* [ABOUT THIS EXERCISE]: Repeat the listing that follows exactly. Pictures are not part of the copy.

* [DATA EXCERPT]:
* * *
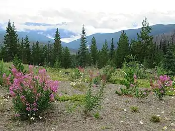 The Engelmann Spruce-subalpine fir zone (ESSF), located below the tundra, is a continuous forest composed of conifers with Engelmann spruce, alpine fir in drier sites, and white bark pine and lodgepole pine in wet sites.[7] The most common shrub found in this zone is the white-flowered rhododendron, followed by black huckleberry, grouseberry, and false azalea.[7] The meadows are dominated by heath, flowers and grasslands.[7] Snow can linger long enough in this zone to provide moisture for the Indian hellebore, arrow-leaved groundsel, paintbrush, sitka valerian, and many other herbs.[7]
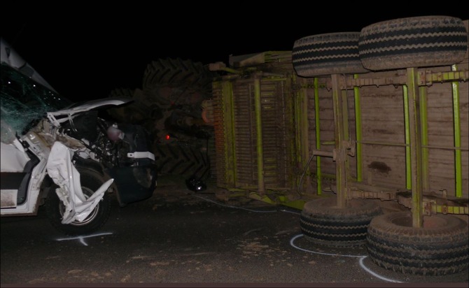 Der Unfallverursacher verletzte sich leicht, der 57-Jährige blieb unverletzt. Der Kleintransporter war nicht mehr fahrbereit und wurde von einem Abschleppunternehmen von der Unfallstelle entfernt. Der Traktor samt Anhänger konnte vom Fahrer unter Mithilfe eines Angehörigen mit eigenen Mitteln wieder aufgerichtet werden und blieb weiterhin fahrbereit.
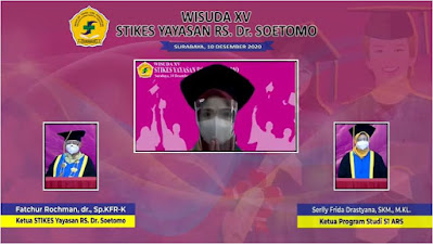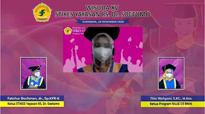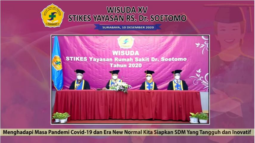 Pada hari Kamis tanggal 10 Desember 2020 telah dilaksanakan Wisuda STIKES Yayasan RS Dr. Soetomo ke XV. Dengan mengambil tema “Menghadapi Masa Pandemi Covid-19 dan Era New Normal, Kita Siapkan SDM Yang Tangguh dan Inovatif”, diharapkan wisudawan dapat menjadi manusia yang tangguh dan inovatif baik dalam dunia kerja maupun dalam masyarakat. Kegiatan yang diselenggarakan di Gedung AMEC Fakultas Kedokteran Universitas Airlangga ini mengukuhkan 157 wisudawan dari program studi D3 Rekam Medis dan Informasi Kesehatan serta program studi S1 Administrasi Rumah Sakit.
* * *
* [EXERCISE ANSWER]:
 The Engelmann Spruce-subalpine fir zone (ESSF), located below the tundra, is a continuous forest composed of conifers with Engelmann spruce, alpine fir in drier sites, and white bark pine and lodgepole pine in wet sites.[7] The most common shrub found in this zone is the white-flowered rhododendron, followed by black huckleberry, grouseberry, and false azalea.[7] The meadows are dominated by heath, flowers and grasslands.[7] Snow can linger long enough in this zone to provide moisture for the Indian hellebore, arrow-leaved groundsel, paintbrush, sitka valerian, and many other herbs.[7]
 Der Unfallverursacher verletzte sich leicht, der 57-Jährige blieb unverletzt. Der Kleintransporter war nicht mehr fahrbereit und wurde von einem Abschleppunternehmen von der Unfallstelle entfernt. Der Traktor samt Anhänger konnte vom Fahrer unter Mithilfe eines Angehörigen mit eigenen Mitteln wieder aufgerichtet werden und blieb weiterhin fahrbereit.
 Pada hari Kamis tanggal 10 Desember 2020 telah dilaksanakan Wisuda STIKES Yayasan RS Dr. Soetomo ke XV. Dengan mengambil tema “Menghadapi Masa Pandemi Covid-19 dan Era New Normal, Kita Siapkan SDM Yang Tangguh dan Inovatif”, diharapkan wisudawan dapat menjadi manusia yang tangguh dan inovatif baik dalam dunia kerja maupun dalam masyarakat. Kegiatan yang diselenggarakan di Gedung AMEC Fakultas Kedokteran Universitas Airlangga ini mengukuhkan 157 wisudawan dari program studi D3 Rekam Medis dan Informasi Kesehatan serta program studi S1 Administrasi Rumah Sakit.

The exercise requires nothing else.